Be careful with loop counters and array indices! A common error is the "off-by-one" error, where a loop runs one too many or one too few times. A trace table is perfect for catching this!


Building Big: The Power of Modularity

What if you have a really big, complex problem, like building a whole app? Trying to write it all as one giant algorithm would be a nightmare!

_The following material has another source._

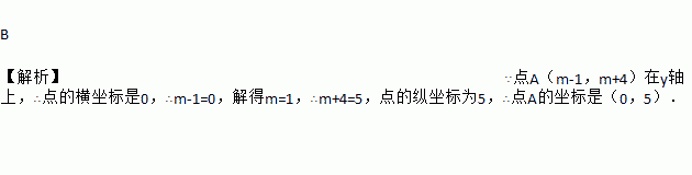 已知点A(m-1,m+4)在y轴上,则点A的坐标是( )

The solution is modularity. This means breaking down a large problem into smaller, simpler, more manageable sub-problems called modules.

Analogy: Building a Car
You don't build a car all at once. You have separate teams for the engine, the body, the wheels, and the electronics. Each part is a module. They are built and tested separately, then put together at the end.

Advantages of Modularity:
  • Easier to Understand: Small modules are easier to read and manage than one huge block of code.
  • Easier to Test and Debug: You can test each module individually to make sure it works perfectly before combining it with others.
  • Reusable: You can often reuse a module (like a module for calculating tax) in many different programs.
  • Teamwork: Different programmers can work on different modules at the same time.
Key Takeaway

For any complex problem, always think: "How can I break this down into smaller pieces?" This modular approach is key to successful problem-solving.